This very powerful sounding consignment Gibson-made Recording King Ray Whitley rosewood Model 1027 (EW-314) is one of only 171 guitars made in 1939, with the remaining production run of 9 shipped in early 1940. We can think of this guitar as a Montgomery Wards distributed rosewood version of the Gibson J-55 model, with the wide waisted Jumbo shape, 24 3/4″ string length, and batwing bridge shape. Unique to these guitars are the Recording King pointed headstock shape, Pearl block and crown Recording King inlay, Large embossed turtle-oid pickguard, Fancy pearl diamonds and squares inlay pattern, Cream bound soundhole with no surrounding top purfling, Nickel plated cord attachment brackets at rear of headstock and endpin areas, and the Indian rosewood back and sides. The tuners are single unit Waverly models with cream colored buttons. The original endpin is missing. This guitar was shipped on March 13, 1939 to the Montgomery Wards store in St. Paul, MN.

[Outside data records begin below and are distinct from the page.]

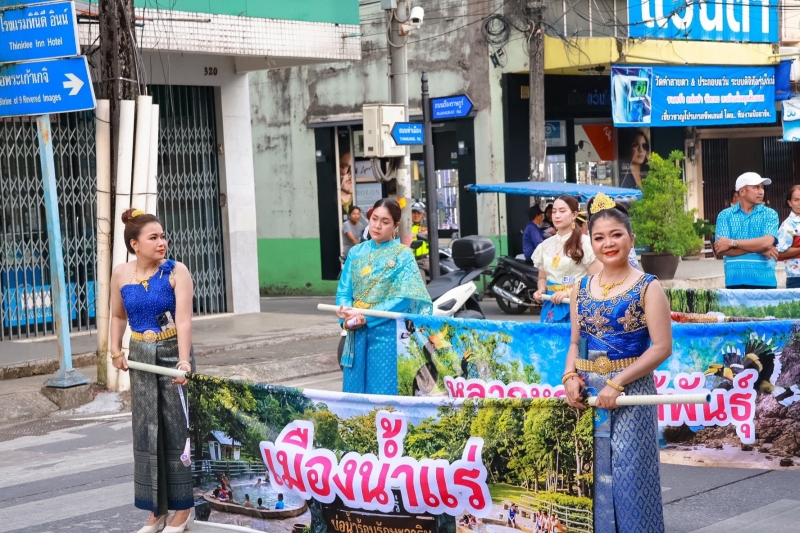 เทศบาลตำบลปากน้ำท่าเรือ ร่วมเดินขบวน เข้าร่วมกิจกรรมกับทางจังหวัดระนอง ภายในงานอาบน้ำแร่ แลระนอง ประจำปี 2569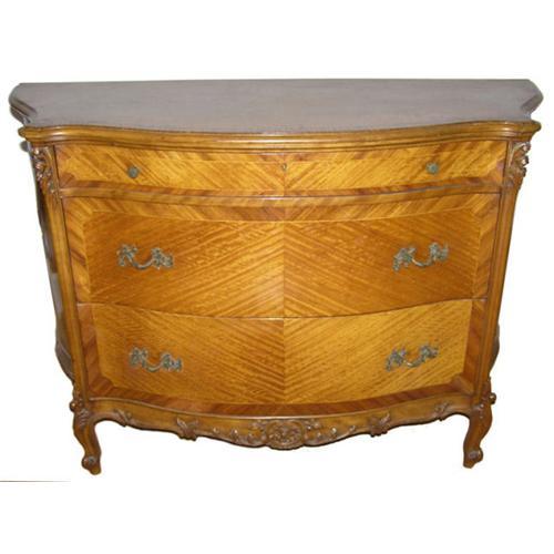 <tr><td>Title:Louis XV Tiger Maple Bombe Commode</td></tr>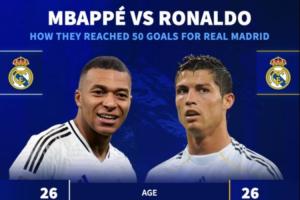 德转晒图:达成皇马50球时,姆巴佩与C罗数据

The fine grain Adirondack source top displays very bold hard grain lines, a good indicator of how stiff and strong this top is. The even grain Indian rosewood back and sides display a bright and complex tap tone, evidence of the generous thickness dimensions that help to give the voice a very solid presence in a group setting. The 5 pice Maple neck has a medium large profile (my hands love it) that give solid strength to the rosewood fingerboard that is unsupported by an adjustable truss rod used only on Gibson branded guitars. The top X braces and two tone bars are voiced in the unscalloped tapered method that many Gibson 14 fret Jumbo players prefer.

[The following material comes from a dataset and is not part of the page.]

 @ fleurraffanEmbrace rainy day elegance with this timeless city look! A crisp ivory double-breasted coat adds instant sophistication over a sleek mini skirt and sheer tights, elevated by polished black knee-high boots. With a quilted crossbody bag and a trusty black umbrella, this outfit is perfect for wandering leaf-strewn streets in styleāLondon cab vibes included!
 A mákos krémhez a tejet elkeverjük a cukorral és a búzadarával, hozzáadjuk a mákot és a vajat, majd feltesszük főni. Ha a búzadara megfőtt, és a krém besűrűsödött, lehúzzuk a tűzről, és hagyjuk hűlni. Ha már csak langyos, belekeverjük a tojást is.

The list of repairs is short: There is a glued 9″ back crack extending from the neck block near the centerline, The top seam separation from soundhole to tail was glued, There are two glued top cracks at the lower bout treble edge, There is a glued crack on the bass side of the fingerboard extension, The bridge has been reglued and shows sign of finish cleanup at its edges, and the frets have been recently milled. Top top braces and bridgeplate are pristine and show no wear or modification. The entire finish except for the headstock face shows pretty aggressive buffing and there may have been some overspray associated with this work.
The voice of this guitar is quite bold and strong. Alan Perlman rarely remarks on the response or tone of instruments, but he is very enthusiastic about this one. I am too. It is a dandy. With contemporary hard-shell case.